In July, the fatal police shootings of Philando Castile – a Black man in Minnesota – went viral on social media.

The aftermath of the Castile shooting was first shared via Facebook Live, which is a type of mobile streaming video technology (MSVT) that allows users to stream live video to followers, similar to Periscope and Meerkat.

The real-time video of Castile’s death reached over five million people within a week of its posting.

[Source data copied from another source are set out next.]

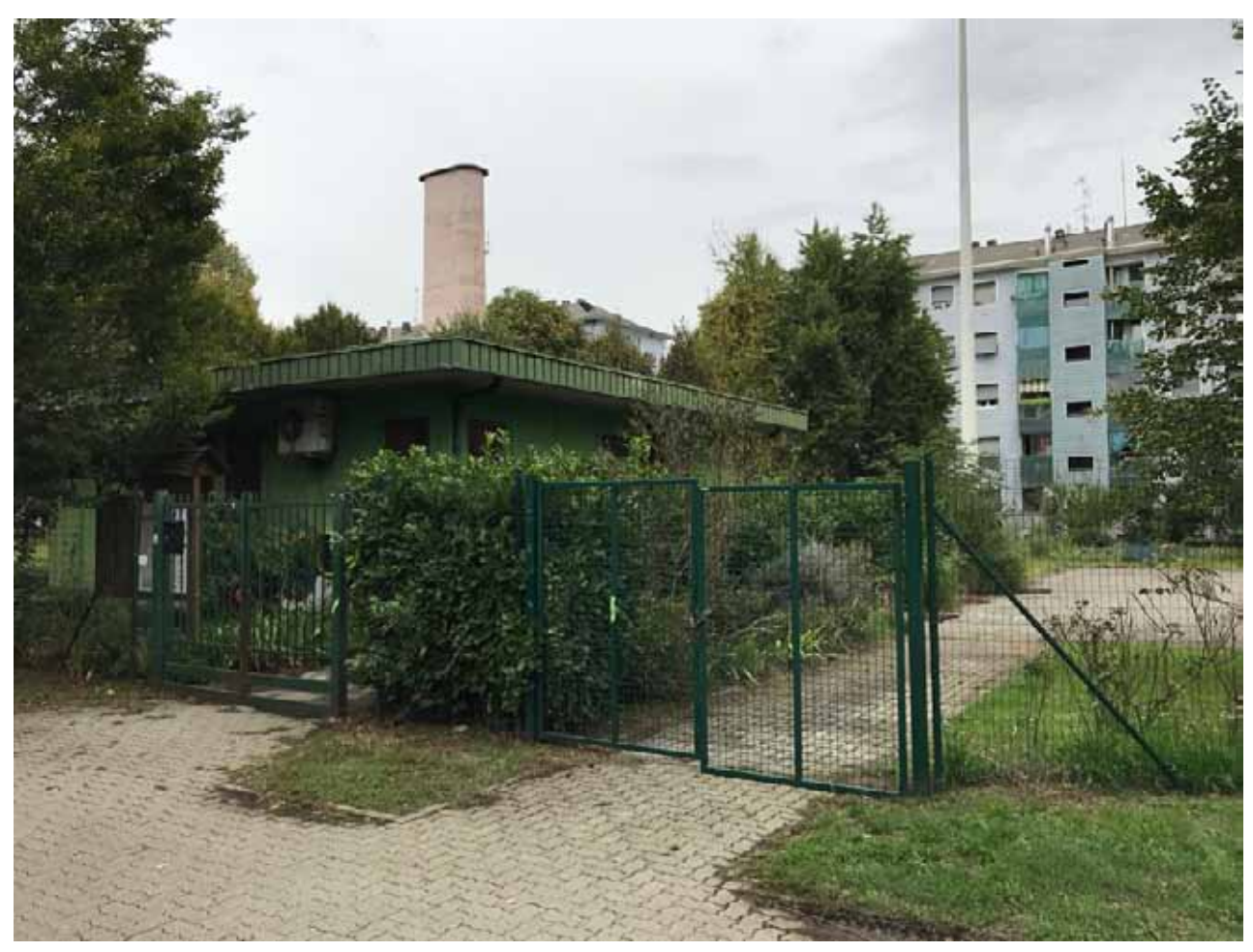
5. View of the "Casetta Verde" that will be knocked down once the New Library will be ready

Please note that the southern border of Perimeter 2 hosts a fountain/ amphitheatre made of stone and brick designed by architect Antonello Vincenti back in the '50s/'60s, whose architectural imprinting strongly marks the area and that shall be preserved.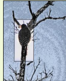
SECOND PLACE KRYSTLE DINICOLA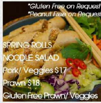
SPRING ROLLS NOODLE SALAD Pork/ Veggies $17 Prawn $18 Gluten Free Prawn/ Veggies *Gluten Free on Request *Peanut Free on Request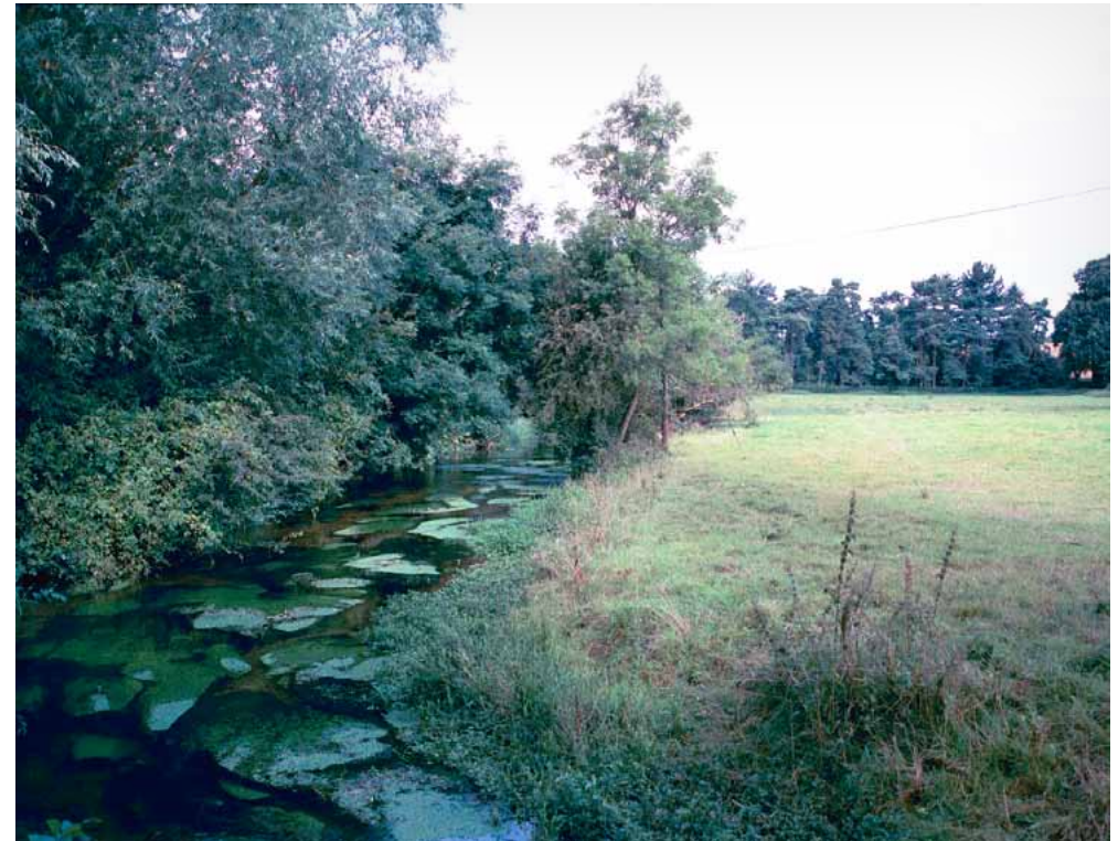
River Mimram valley flood plain, Hertfordshire.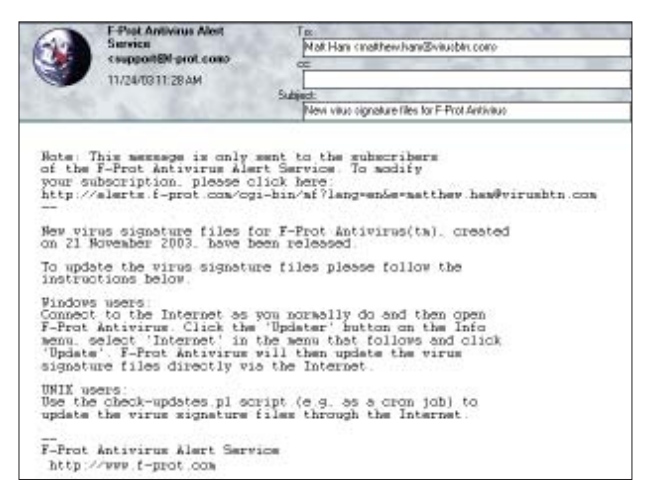
Email alert from F-Prot Antivirus Alert Service.

Since this had been a rather more complex, and failureridden process when performed on previous versions of F-Prot for Linux , this was a good sign. The behaviour of the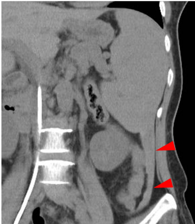
Figure 1. A 55-year-old woman with anemia underwent splenic biopsy. Immediately after biopsy, no obvious hematoma was observed around the spleen; however, mild hematoma formation was seen in the paracolic gutter (arrowheads). doi:10.1371/journal.pone.0111657.g001

Therefore, splenectomy may not be suitable for patients with malignant lymphoma.

In this study, the researchers examined the legal rights of people to record and live stream and any potential right to be free from being recorded and streamed in public places.

“The Castile shooting is important not only for its content, but also because a Facebook user showed the public a new tool that it might not otherwise have known about or thought to use in a situation like this,” Littau said.

“What happened in Minnesota is one of those incidents that serve as a harbinger for what is to come,” he added.

Services like Facebook Live break down the previous lag between information collection and information distribution, making potential privacy violations instantaneous and unavoidable, according to the research, which was published in the journal Journalism and Mass Communication Quarterly.

The researchers advocate that privacy challenges be addressed directly between by mobile streaming companies and their users via contracts.